Rule-based negation detection using dependency parse trees.
-
Make sure
python 2.7
and GDep beta2 is installed on your machine. And the program share the the same directory as GDep parser. -
Run the command in terminal:
python DepND.py YOUR_TESTING_DATA_FILEPATH OUTPUT_FILEPATH
.
e.g.
python DepND.py ./data/testing/bioscope_abstracts_cleaned.txt ./data/result.txt
- Separate text input into sentences. Filter all sentences not containing negation triggers. For sentences containing negation triggers, parse each of them using a dependency parser.
This task is done by
DepNeg
class, using, by default,GDep beta2
created by Prof.

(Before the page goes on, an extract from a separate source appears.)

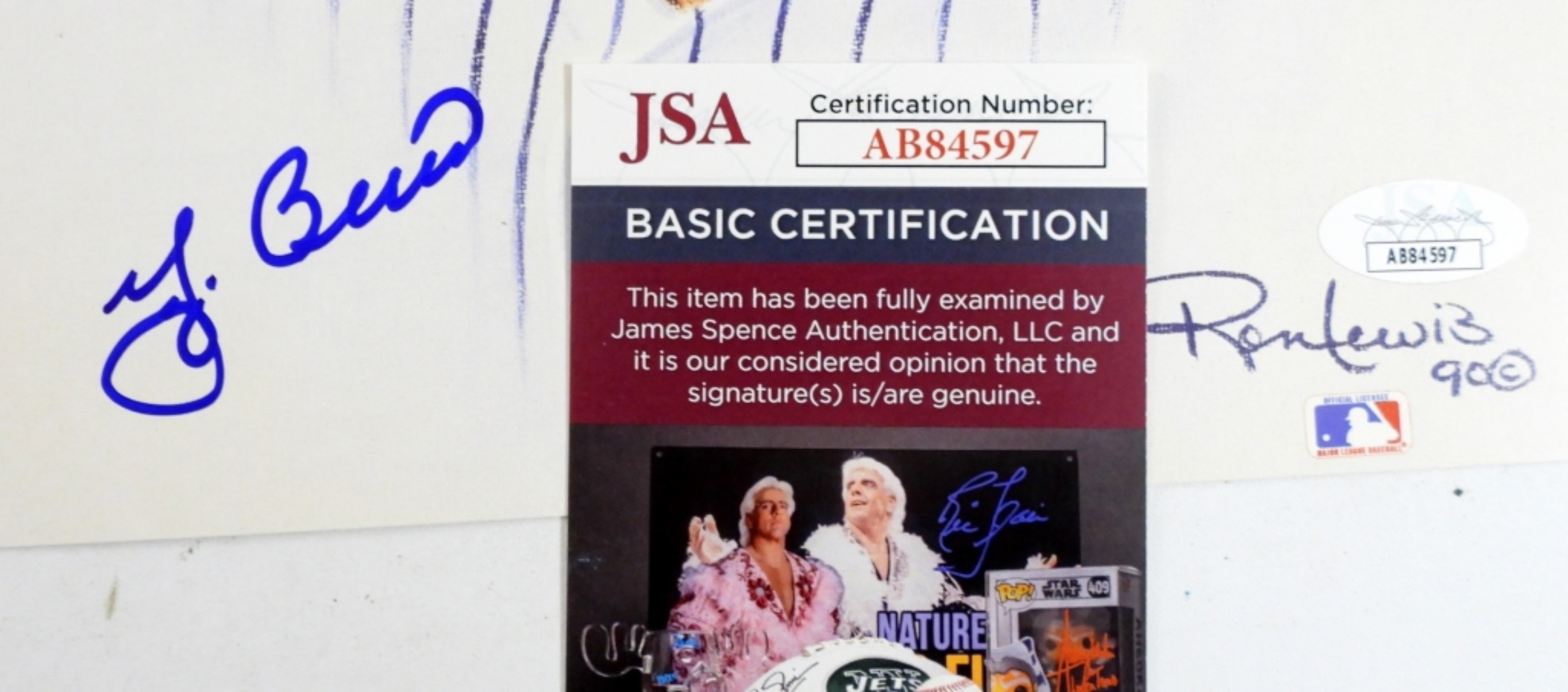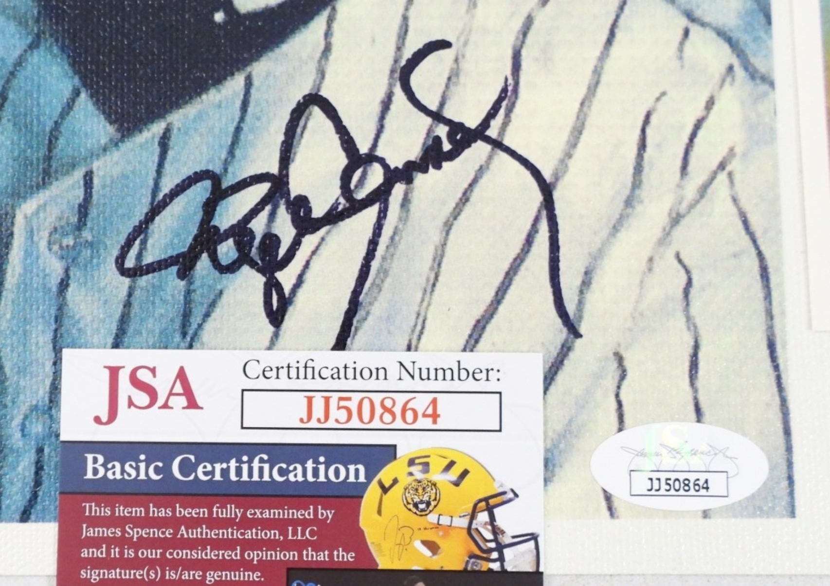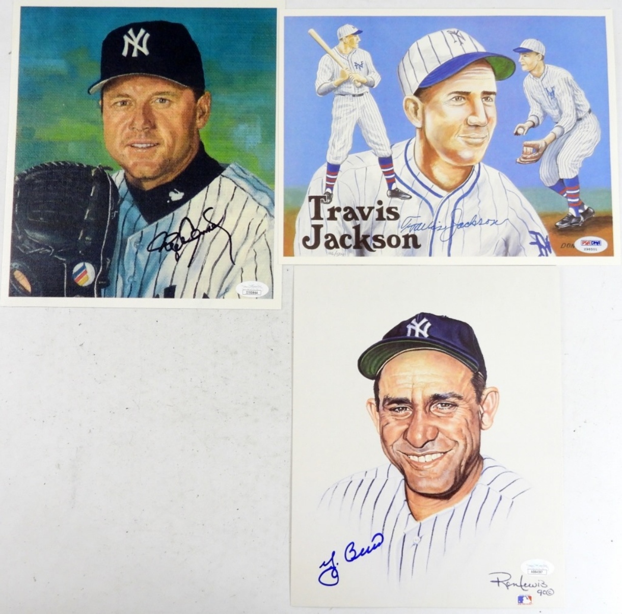 YOGI BERRA SIGNED, JSA COA #AB84597. TRAVIS JACKSON SIGNED, PSA/DNA COA #X98501. ROGER CLEMENS SIGNED, JSA COA #JJ50864.

Kenji Sagae.
You certainly can use your favorite parser instead ofGDep
, just notice that you need modifySent
class if the parser you use doesn't generate output in CoNLL 2007 format.
- Use parse tree (CoNLL 2007 format) and rules to determine the scope of negation.
This task is done by
DepND
class
- gMST
maximal spanning tree from its immediate governor;
- sMST
maximal spanning tree from itself;
- withinPUNC
All MST rules should not cross punctuation marks during spanning, no matter it spans towards left or right (relatively to the position of trigger word). But some arcs can (such as SUB, OBJ and PRD).

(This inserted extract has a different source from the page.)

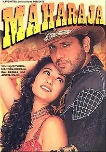 Maharaja is a 1998 Indian Hindi superhero film directed by Anil Sharma. There is a guy who is always on horse and took maharaja's mother It stars Govinda and Manisha Koirala in the title roles. It is about the struggle of a prince with supernatural powers to get his kingdom back.[3] After the surprise big hit of Mr. India as a superhero movie, Maharaja came out with a bigger budget film in the same genre. However the movie was just a moderate success at the box office. Trade website Box Office India has declared the movie as 'Average'

Trigger_POS | Trigger examples | Rule |
---|---|---|
RB, DT | no, not, hardly, never | gMST |
JJ | absent, negative, unable, unlikely | gMST |
CC | neither, nor | gMST |
VB*, IN | fail, lack, lacking, excluding, without, except | sMST |
NN | none, lack, absence, failure (to/of) | sMST |
trg | trg_pos | trg_dep | gvn | gvn_pos | gvn_dep | rule | comment or alter-rule |
---|---|---|---|---|---|---|---|
not | RB | DEP | but, and | CC | NMOD | ggMST | DEP_Elevate; SUB&Right |
not | RB | PMOD | in | IN | PMOD | gMST | PMOD arc can cross punctuation? |
not | RB | VMOD | does, did, is | VBZ | ROOT | gMST | SUB&Right |
hardly | RB | AMOD | any | DT | NMOD | ggMST | AMOD_Elevate |
never | RB | NMOD | effect | NN | OBJ | gMST | SUB&Right |
rather (than) | RB | PMOD | for | IN | gMST | SUB&Right | |
negative | JJ | NMOD | regulation, factors | NN, NNS | ROOT, PMOD | gMST | only span through of/IN NMOD arc; "factors" has no children |
absence | NN | PMOD | in | IN | NMOD | gMST | PMOD_Elevate |
none | NN | SUB | had | VBD | ROOT | gMST | SUB&Right |
without | IN | PMOD | with | IN | PMOD | gMST | only span through PMOD towards right |
lack | VBP | SBAR | sMST | forbid VMOD branching to MD or VB* | |||
lacking | VBG | VC | is | VBZ | SUB | gMST | VC_Elevate |
denied | VBN | VC | are | VBP | ROOT | gMST | VC_Elevate; SUB&Right |
excluded | VBN | VC | be | VB | VC | ggMST | VC_Elevate |
- P.S. Whether some exceptions (e.g. "negative", "without", "lack" in above table) arose depends on the performance of the dependency parser.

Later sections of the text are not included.